Wednesday, 23 May 2018

Haytor

Haytor, from the south
Last week to climb up to the base of Haytor, that is to say chickening out of climbing on the crags proper. Fine day for it, with little wind. Lots of French schoolchildren. Heard one cuckoo, saw one goldfinch, both heard skylarks in the air and saw them on the ground, on the assumption that they look quite like small thrushes. I don't recall seeing the crests that Bing turns up, so now not sure. Unusually, no raptors.

Wetherbeaten post
A rather weatherbeaten post above the picturesque quarry, popular for picnics and trysts generally, the sort of post, if not the sort of ironmongery, which used to be used for the fences around houses built in the 1950's. Posts which probably last a lot longer than the softwood posts they mostly use now. Against that, one should count the huge carbon burn of all the cement factories around the world: a big contributor to global warming.

Haytor junction
The nearest that they get to Clapham Junction up on Haytor. This being a junction on the granite railway, used for a few decades of the nineteenth century for moving granite down to the boats. We noticed several piles of large rocks, clearly blasted out of something, suggesting that the quarries on Haytor were closed down rather abruptly.

Water supply
Once down from the tor, we turned into the Moorland Hotel, where they are working hard to get the place open again for the new season. Major refurbishment. There is also a café brasserie, in a smart shed in front of the main building, perhaps reflecting the fact that the new owner also has a large hotel in Torquay. Called the Tinpickle & Rhum, partly in recognition of the tin mining that used to go on in the area. It will be interesting to see whether the place works - given that on this weekday lunchtime the trade was mostly pensioner couples like ourselves seeking tea and coffee. See reference 2.
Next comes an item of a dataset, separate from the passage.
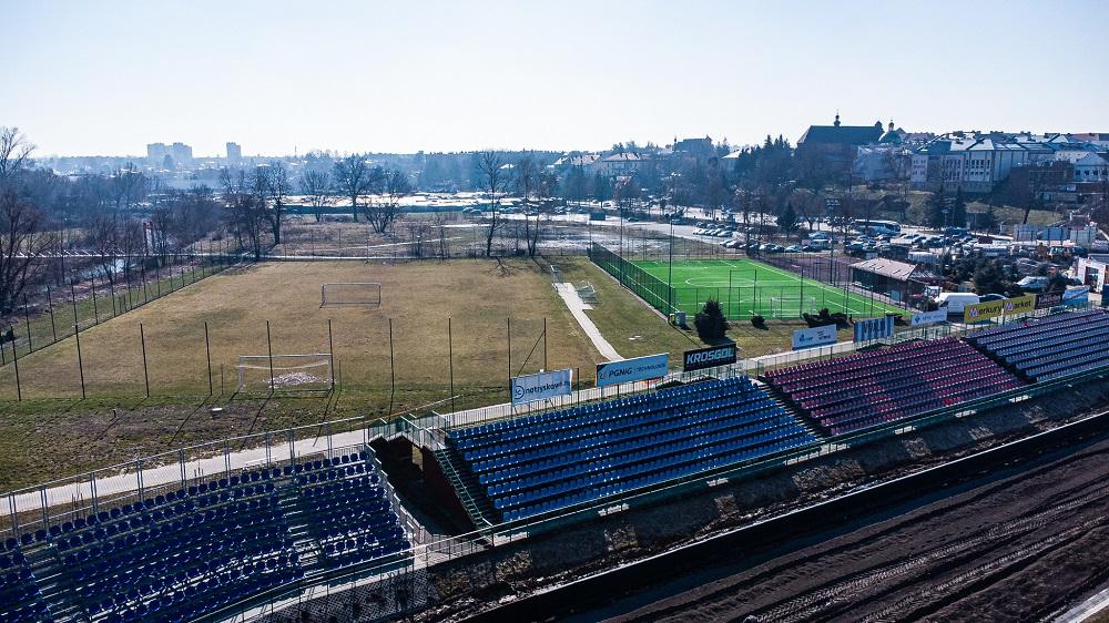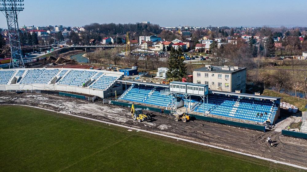 Zobaczcie jak postępują prace przy nowej trybunie na stadionie przy ul. Legionów 1 w Krośnie. Oto fotogaleria z "lotu ptaka".

Next door there looked to be what had once been the home farm for the big house, now the hotel, the animals from which might well have been watered using the leat snapped above. We saw the same sort of thing on Holne Moor last year. Just to be on the safe side, I took bottled water, from Scotland as it happens.
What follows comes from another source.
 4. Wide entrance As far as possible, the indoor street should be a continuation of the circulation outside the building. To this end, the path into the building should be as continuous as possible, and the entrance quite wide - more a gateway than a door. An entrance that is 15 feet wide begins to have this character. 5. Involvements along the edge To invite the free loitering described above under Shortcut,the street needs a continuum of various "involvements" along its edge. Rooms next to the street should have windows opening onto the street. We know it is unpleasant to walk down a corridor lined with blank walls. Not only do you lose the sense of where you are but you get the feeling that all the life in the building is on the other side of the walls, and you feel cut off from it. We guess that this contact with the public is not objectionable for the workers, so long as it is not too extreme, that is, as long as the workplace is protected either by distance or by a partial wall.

Day closed with hot meat pies and boiled vegetables. Pies from the same butcher who had supplied the hogs' pudding noticed a few days ago.
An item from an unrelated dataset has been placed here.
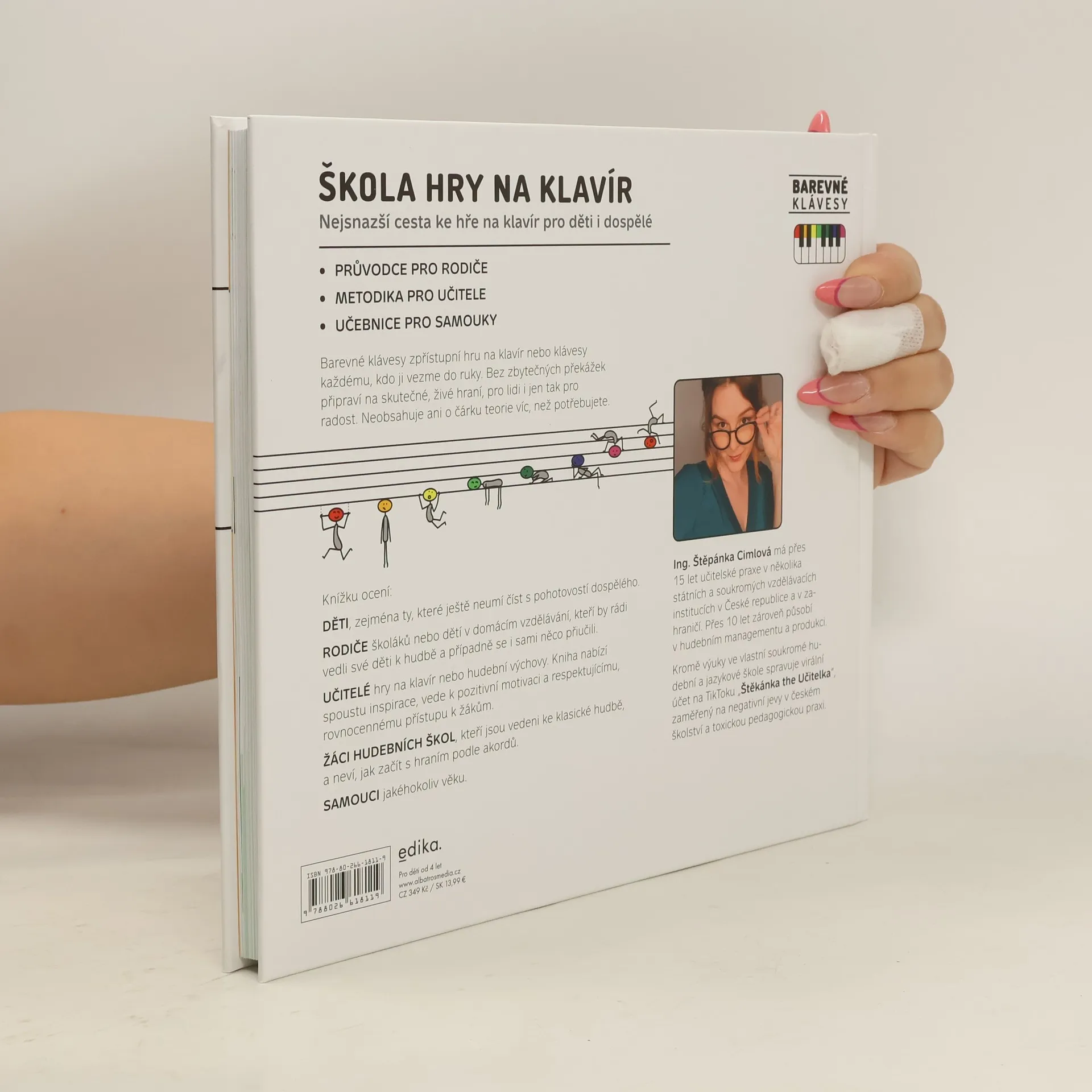 Metoda Barevné klávesy zpřístupní hru na klavír nebo klávesy dětem i dospělým. Bez zbytečných překážek připraví na skutečné, živé hraní, pro lidi i jen tak pro radost. Neobsahuje ani o čárku teorie víc, než potřebujete. Knihu přivítají děti a jejich rodiče, učitelé hry na klavír, žáci hudebních škol i samouci jakéhokoliv věku. Představuje široké spektrum hudby od hraní podle akordů ve zpěvníku až po filmové soundtracky zapsané v notách.

Well not quite closed, as having failed to find ITV3 on the television supplied, we had to learn how put DVDs into the slot in the side and get them out again, in the absence of instructions. I correctly remembered that it was done manipulating the two buttons next to the slot, but even having managed two ejections, and even having written down 'Keep switched on. Hold top button down. Double press on bottom button' after the first ejection, I would not care to say what sequence exactly did the trick.

Reference 1: http://pumpkinstrokemarrow.blogspot.co.uk/search?q=haytor. The only visit to Haytor which the blog is admitting to, more than eleven years ago. Not completely convinced as the visit I remember does not quite align with this post.